What is the fallacy in my reasoning of this sentence-to-first-order-logic-problem? Given predicates


*

*Occupation(p,o) (Person p has job o)

*Client(p1, p2) (Person p1 is a client of person p2)


And constants:
•   Occupations: Lawyer, doctor, officer
•   Persons: Emily, Joe
And sentence:


*

*There exists a lawyer of which all its clients are doctors.


I then translated the above sentence in first-order logic and came up with this:
∃x[Occupation(x,lawyer) ⟶ ∀y[Occupation(y,doctor) ∧ Client(y,x)]]
This reads (according to me): There exists an X such that if X is a lawyer, then all Y's are a customer of X and they're doctors. 
However, peeking at the answers, I found that the only solution was:
∃x[Occupation(x,lawyer) ∧ ∀y[Client(y,x) ⟶ Occupation(y, doctor)]]
This reads (according to me): There exists an X such that if X is a lawyer and all Y's are a client of X, then they are all doctors. I feel like this doesn't express the sentence correctly.
I'm stumped as to why my answer is incorrect!
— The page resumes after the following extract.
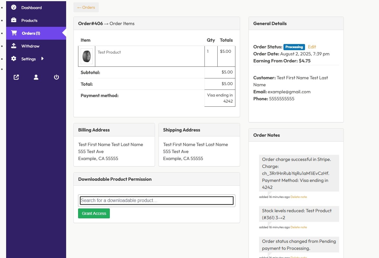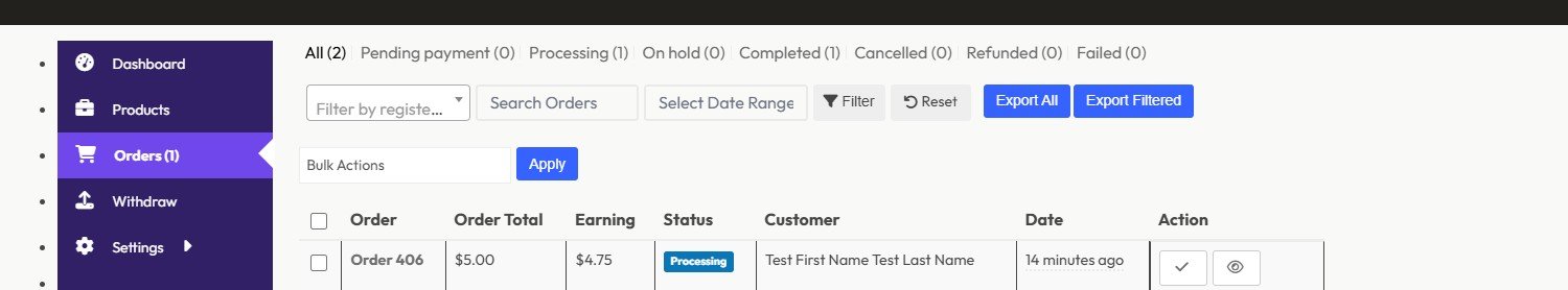 If a customer orders your product you will see an order show up in the “Orders” menu and it will be in a “Processing” state.

I can't figure out the logical difference between those two sentences and English isn't my main language (so maybe that's where the problem lies?). What is the fallacy in my reasoning? 
 A: You are correct in your translation of your sentence, but this does not correspond to the initial plain English sentence.
This is how I would translate your sentence:

There exists X such that if X is a lawyer then for every Y, Y is  doctor and a client of X

Pretty much the same as you translated it. What does this mean though? First of all notice that after there exist X we have an if. This means that the sentence is trivially true (since X can be not a lawyer, and the sentence is still true). So you want to start with a statement that X is a lawyer and then add more conditions. Furthermore, let's assume we have X being a lawyer, what does the rest of the sentence mean? It means that there is a lawyer that has all people as clients (including themselves) and all people are doctors. So if there are 10 people in our universe, then one is a lawyer and all are doctors and clients of his/hers. The initial plain English statement of course just meant that, for example, one lawyer just has 2 clients and both of them are doctors. 
Furthermore you are not correct in your translation of the book sentence. Here's my translation:

There exist X such that X is a lawyer and for every Y, if Y is a client of X, then Y is a doctor.

This is the same as the initial plain English statement. See how it makes the definite statement that X is a lawyer and then continues with the conditional.